> [What you will do]
In the records below, find the line with "On 2 February", then retype it and every following line exactly, stopping after the line with "- Autodesk Design". Leave the pictures out.

> [Data]
• • • • •

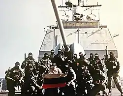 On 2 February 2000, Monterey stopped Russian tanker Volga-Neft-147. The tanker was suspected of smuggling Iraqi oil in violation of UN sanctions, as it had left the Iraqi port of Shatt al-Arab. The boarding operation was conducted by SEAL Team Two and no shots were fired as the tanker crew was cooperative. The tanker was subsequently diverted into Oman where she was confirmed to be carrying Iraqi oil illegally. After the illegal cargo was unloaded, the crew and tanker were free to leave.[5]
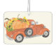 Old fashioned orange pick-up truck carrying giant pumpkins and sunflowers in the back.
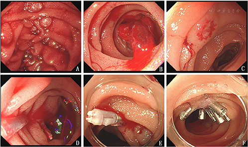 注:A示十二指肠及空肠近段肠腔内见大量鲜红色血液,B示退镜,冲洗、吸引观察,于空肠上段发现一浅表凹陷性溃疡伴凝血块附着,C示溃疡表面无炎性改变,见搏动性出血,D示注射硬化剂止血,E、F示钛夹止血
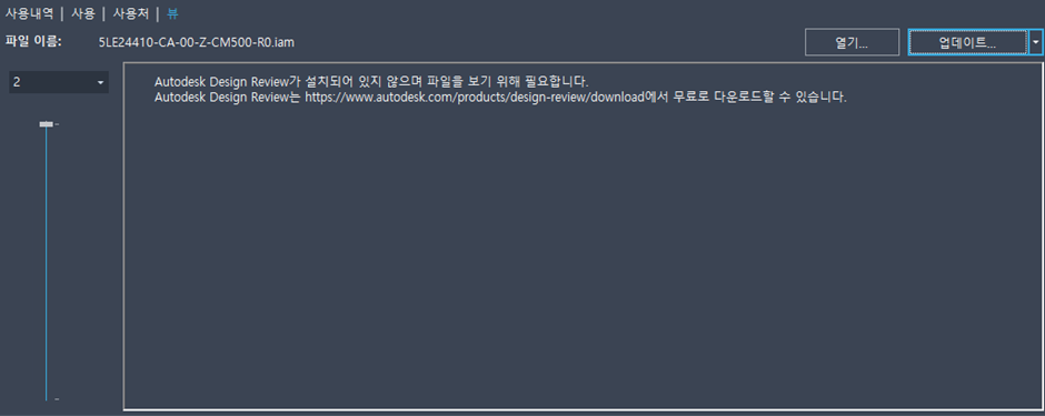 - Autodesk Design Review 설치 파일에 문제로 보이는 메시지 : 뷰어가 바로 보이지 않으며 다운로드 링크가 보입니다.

• • • • •

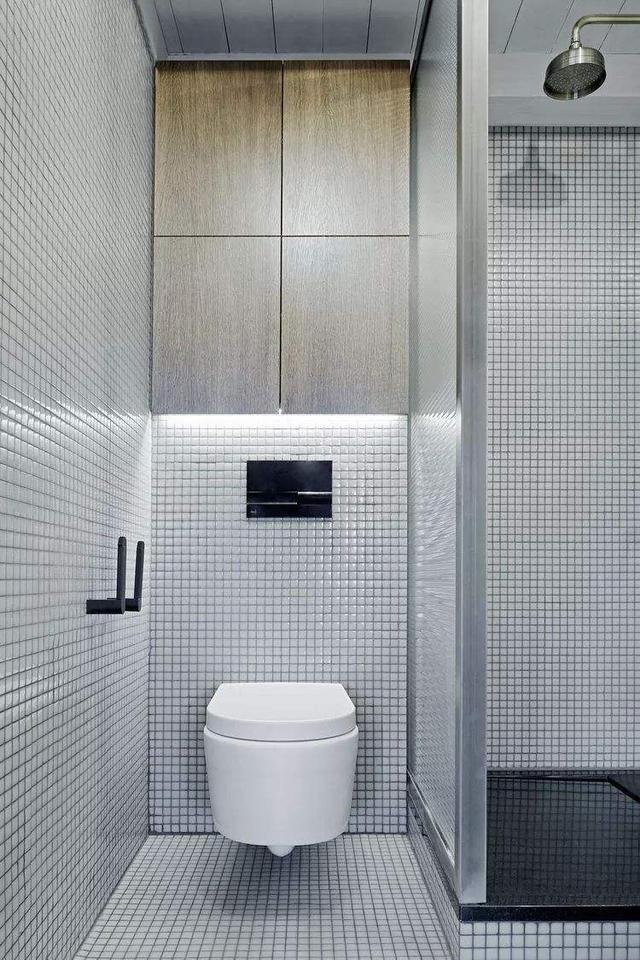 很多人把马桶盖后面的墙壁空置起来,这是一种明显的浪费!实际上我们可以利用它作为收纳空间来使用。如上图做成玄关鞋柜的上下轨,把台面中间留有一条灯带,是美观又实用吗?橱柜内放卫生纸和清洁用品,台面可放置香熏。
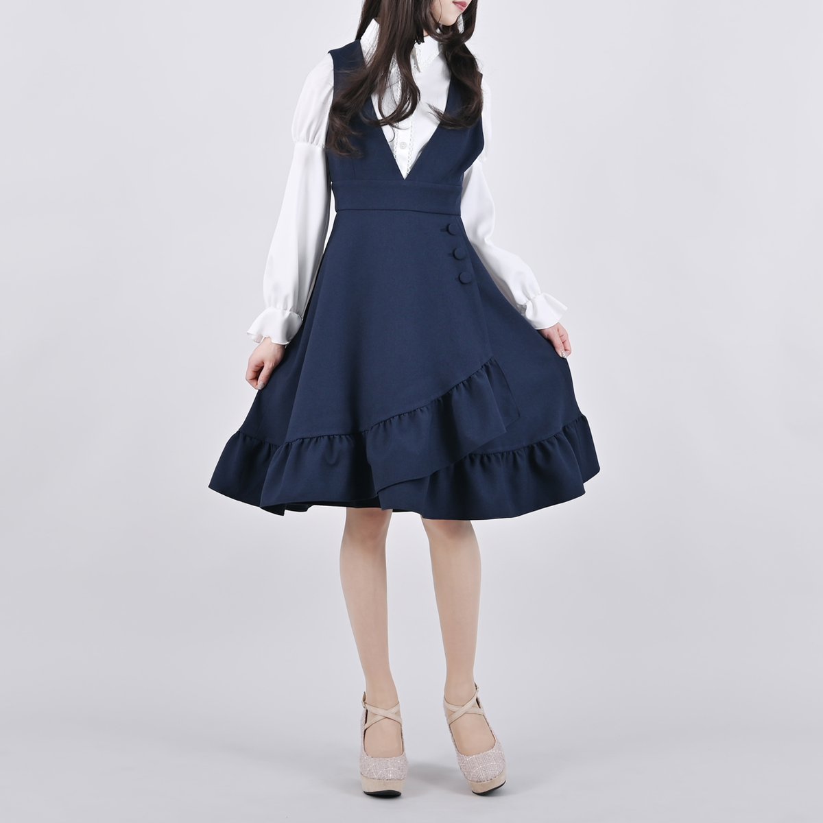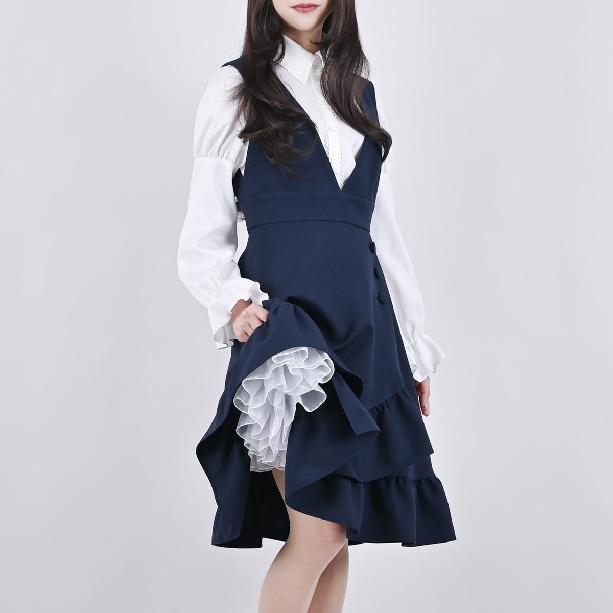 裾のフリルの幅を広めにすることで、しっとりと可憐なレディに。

• • • • •

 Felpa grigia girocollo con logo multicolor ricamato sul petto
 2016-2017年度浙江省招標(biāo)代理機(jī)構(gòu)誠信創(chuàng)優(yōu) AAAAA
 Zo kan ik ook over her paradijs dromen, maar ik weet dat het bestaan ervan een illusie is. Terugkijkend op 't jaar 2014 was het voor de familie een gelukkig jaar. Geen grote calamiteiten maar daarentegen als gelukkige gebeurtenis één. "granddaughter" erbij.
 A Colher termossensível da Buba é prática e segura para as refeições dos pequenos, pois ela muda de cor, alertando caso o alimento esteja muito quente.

• • • • •

> [Response]
 On 2 February 2000, Monterey stopped Russian tanker Volga-Neft-147. The tanker was suspected of smuggling Iraqi oil in violation of UN sanctions, as it had left the Iraqi port of Shatt al-Arab. The boarding operation was conducted by SEAL Team Two and no shots were fired as the tanker crew was cooperative. The tanker was subsequently diverted into Oman where she was confirmed to be carrying Iraqi oil illegally. After the illegal cargo was unloaded, the crew and tanker were free to leave.[5]
 Old fashioned orange pick-up truck carrying giant pumpkins and sunflowers in the back.
 注:A示十二指肠及空肠近段肠腔内见大量鲜红色血液,B示退镜,冲洗、吸引观察,于空肠上段发现一浅表凹陷性溃疡伴凝血块附着,C示溃疡表面无炎性改变,见搏动性出血,D示注射硬化剂止血,E、F示钛夹止血
 - Autodesk Design Review 설치 파일에 문제로 보이는 메시지 : 뷰어가 바로 보이지 않으며 다운로드 링크가 보입니다.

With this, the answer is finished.